Zamiecie (czyszczenie zębów ruchem okrężnym),

Zakopie kości do kąta (przesuwanie języka do kącików ust bez wysuwania na zewnątrz).

Następnie w budzie zrobi sprzątanie (masowanie czubkiem języka wewnętrznej strony policzków)

I zerknie w miseczkę, co dziś na śniadanie (kierowanie języka w kąciki warg).

Na widok ciepłej kaszy smacznie się oblizuje (czyszczenie zębów ruchem okrężnym),

Zjada wszystko, bo bardzo mu smakuje (głośne mlaskanie).

Teraz już Burek biegnie zliczyć kurki do kurnika

I sprawdzić, czy tej nocy nie było tam liska zbójnika (liczenie ząbków „kurek”, poprzez dotykanie każdego zęba czubkiem języka).

Są wszystkie, lecz tuż za płotem słychać gąsek gęganie (gęganie: gę, gę, gę)

Biegnie Burek na ratunek, dając znak szczekaniem (szczekanie: au, au, au)

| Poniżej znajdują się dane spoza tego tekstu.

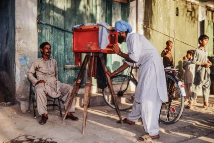 Photographe de rue avec une ancienne caméra en plein jour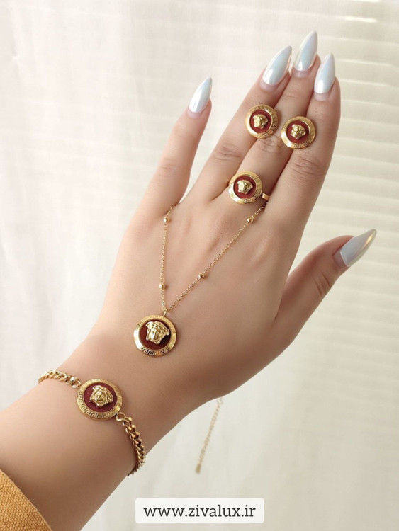 سرویس استیل زنانه طرح ورساچه VERSACE (گردنبند+دستبند+گوشواره+انگشتر)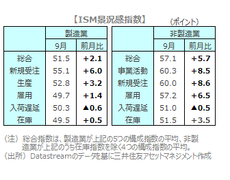 ■9月のISM指数は、米景気の拡大基調に変化のないことを示唆するものです。雇用指数から判断する限り、8月の非農業雇用者数の下振れも一時的なものに止まる公算が大きいと考えられます。これらから見て、米連邦準備制度理事会(FRB)は近い将来、利上げに踏み切ると予想されます。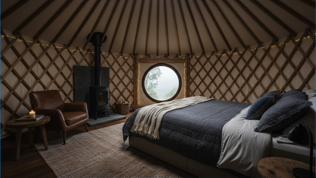 “İzmir Tire’de 36 m²’lik özel alanda, Yurt çadırı kurulumunun titiz teknik takibini ve özgün iç mekan tasarımını üstlendik. Ham ahşap detaylar ve bohem dokunuşlarla, doğanın tam kalbinde güvenli, konforlu ve estetik bir sığınak yarattık.”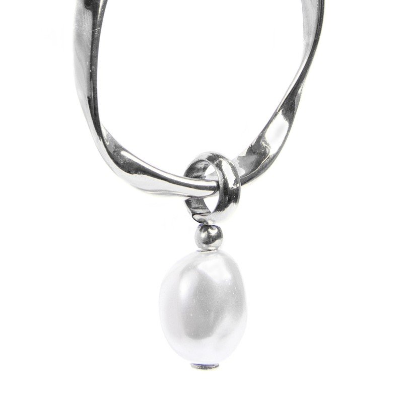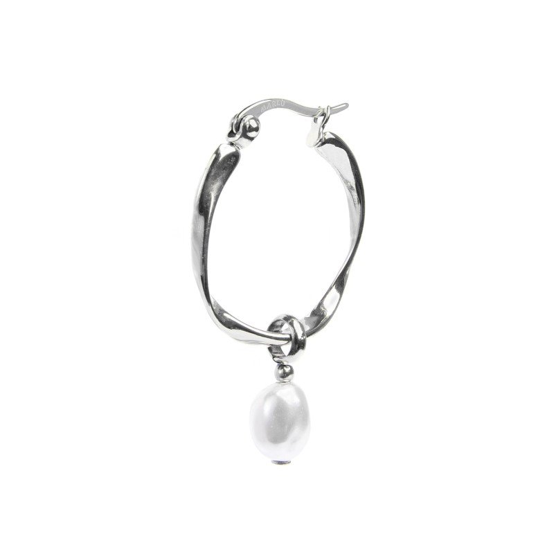 Mono orecchino in acciaio a cerchio irregolare con diametro 2,2 cm, con perla ovale bianca rivestita pendente. Marlù logo laserato sulla chiusura. Lunghezza totale 3,5 cm. Disponibile in acciaio e acciaio con pvd oro.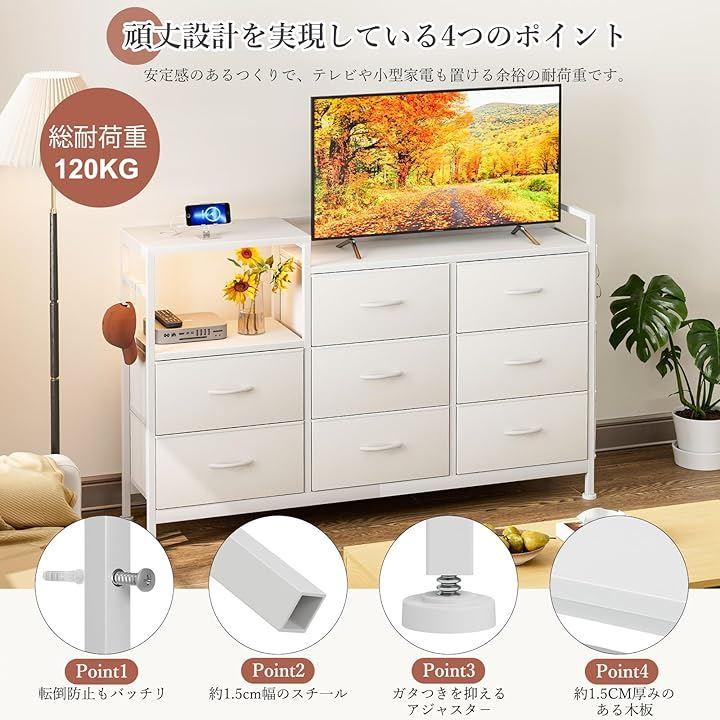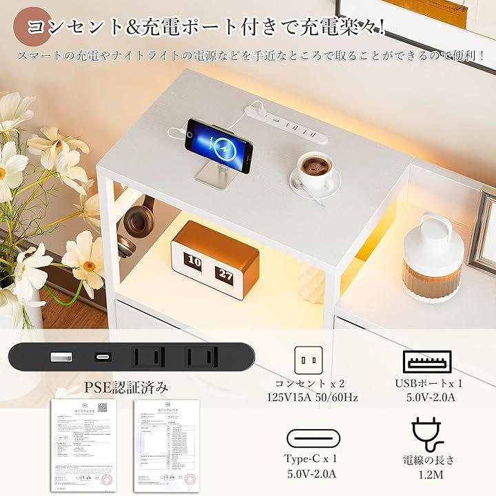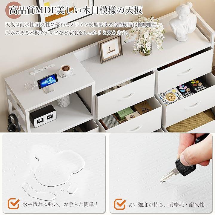 「便利なコンセント付きの天板+2段棚&6杯引き出し」チェスト天板の上にコンセント口2口とUSB&TypeCポートを備え、デスクライトの電源やスマートフォンの充電などを手近なところで取ることができるので便利です。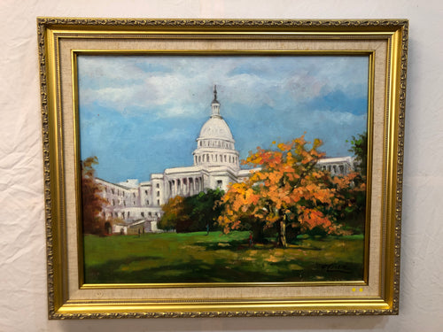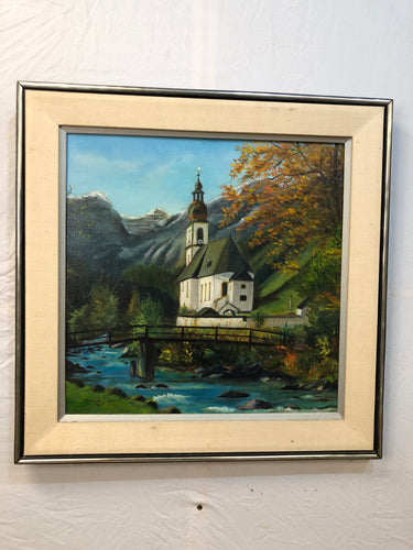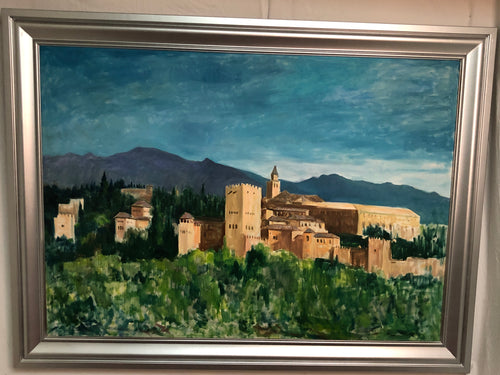 The Fortress Large Vintage Oil on Canvas Signed on the Bottom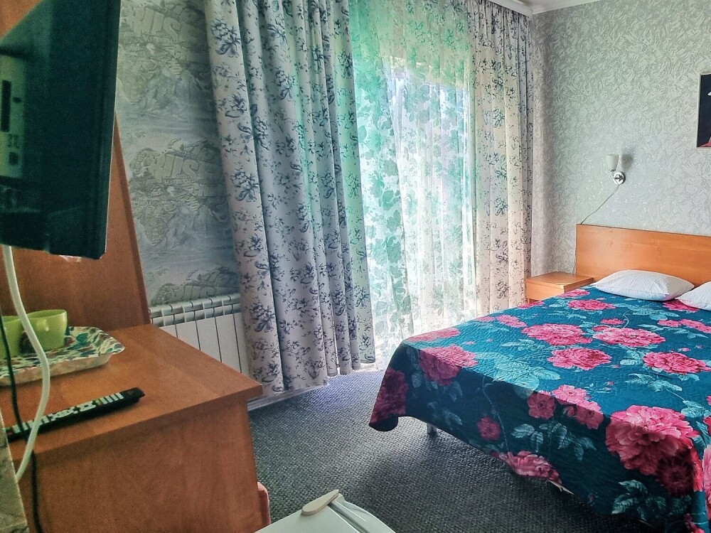 В комнате: двуспальная кровать, телевизор, кондиционер, холодильник на этаже, журнальный стол, шкаф, пуф, плотные занавески, фен.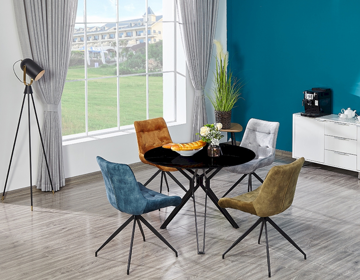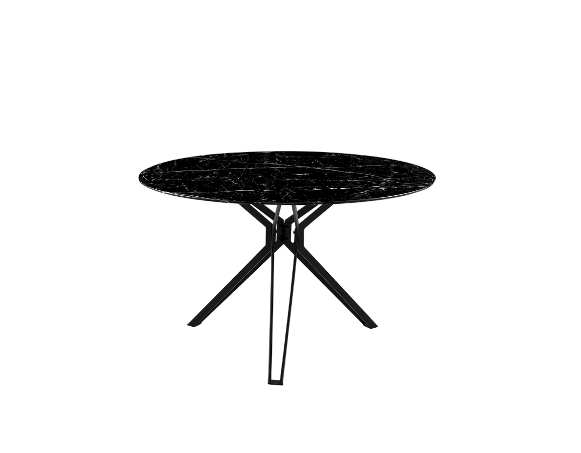 Ploča stola je kaljeno staklo debljine 8 mm u dekoru crnog mramora.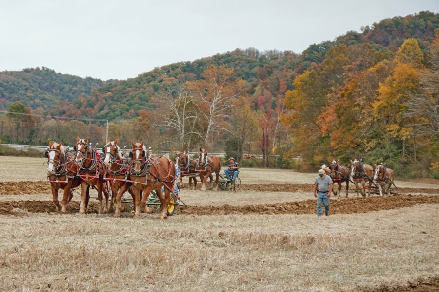 The old adage about it being too wet to plow, doesn't appear to apply to the US Draft Horse and Mule Plowing Contest. So, despite over 3/4 of an inch of rain overnight, this year's competition at Downs Farm in Olympia Kentucky took place as scheduled on Saturday, October 26, 2019. There had been predictions of a 100% chance of rain on Saturday, but it had been decided at the participants dinner on Friday evening that contestants had come from several states and went to a lot of trouble to get there, so they would plow regardless of the weather. As it turned out, the light rain that was falling on Saturday morning lifted about 10 AM and the plowing competition got underway as scheduled. The entire state of Kentucky had been under drought conditions throughout September, so the ground was able to absorb the rain that had fallen and, while not ideal, the plowing was not too bad. There were 7 different classes although some classes only had one entry and some contestants entered more than one class. As has been the tradition at this event, 3 different independent judges were used to try ensure fair results. Judges had 10 categories to judge and gave each contestant up to 10 points in each category. A total of up to 300 points were available to each contestant in a class (100 per judge) with the winner being the one with the highest point total. The overall winner is the contestant with the highest point total in all the classes. This years High Point winner was Mike Atkins from Ohio with 278 points. Mike has been the high points winner several times in the past. He and his mules are the perennial team to beat when it comes to this event. In second place was Megan Pattison from WVA with 271 points. Megan had competed last year and won the Novice class which meant she had to go up against the big boys this year in the Walking Plow class. A lot of people were warning Mike to watch out as his reign as king of the hill may be challenged in the future by a GIRL! After the ribbons and trophies had been handed out, Doris Mosher from Ohio awarded special halters to each of the class winners to show her appreciation for the camaraderie and the sportsmanship that this event epitomizes. For those who were still around on Sunday morning, Orin Perdue from Maryland and Mark Watson from West Virginia conducted a church service before everyone headed out to return home. A heartfelt thank you to Mike and Joyce Downs for again hosting this event. It was a lot of work for them, but everything was first class and I think that everyone who attended really enjoyed their time in the Bluegrass State!! |

A tu  już gąsior groźnie sycząc (syczenie: s…………),

Broni swego stada.

Niesfornych łobuziaków ucieka gromada,

Pufając ze zmęczenia (nadymanie policzków i wypuszczanie powietrza)

Szumiącego lasu dopada (szumienie sz…………..).

Teraz Burka czeka nie lada zadanie,

Musi krówkę wyprowadzić na łąkę, na śniadanie.

Krowa muczy przyjaźnie (mu……….)

Już idą drogą wśród lasu,

Nagle się przestraszyli

Okropnego hałasu.

Spogląda Burek za siebie, z prawej i z lewej strony (przesuwanie języka do kącików ust
bez wysuwania na zewnątrz).

Co widzi? Wóz strażacki pędzi jak szalony.

i–a, i–a, i–a, słychać już z oddali,

Co znaczy, że w pobliżu gdzieś się chyba pali.

Wtem słyszy Burek  gwizd znajomy (gwizdanie)

Znajome cmokanie (cmokanie).

To jego pan go wzywa, ma nowe zadanie.

Przeciska się Burek do domu, na skróty, przez dziurę w płocie

Gdy nagle wzrok jego skupił się na kocie,

Który miaucząc groźnie (miauczenie), na rybki polował,

Lecz widząc kota, na drzewo się schował.

Wdzięczne rybki Burkowi całuski ślą spod wody  (całuski),

Lecz psina nie ma już czasu, pędzi w stronę zagrody.

Koń stoi już w zaprzęgu, parska niecierpliwie (parskanie)

Pan cmoknął na niego (cmokanie), ruszyli leniwie.

Słychać miarowy bieg konia (kląskanie), Burek biegnie z boku,

Nie chce być gorszy, pragnie dotrzymać mu kroku.

I tak dzień cały Burka pracą wypełniony.

Pod wieczór wraca psina do budy zmęczony,

Zjada smaczną kolację (mlaskanie), poprawia posłanie (wypychanie językiem policzków)

I już po chwili słychać jego smaczne chrapanie (chrapanie.)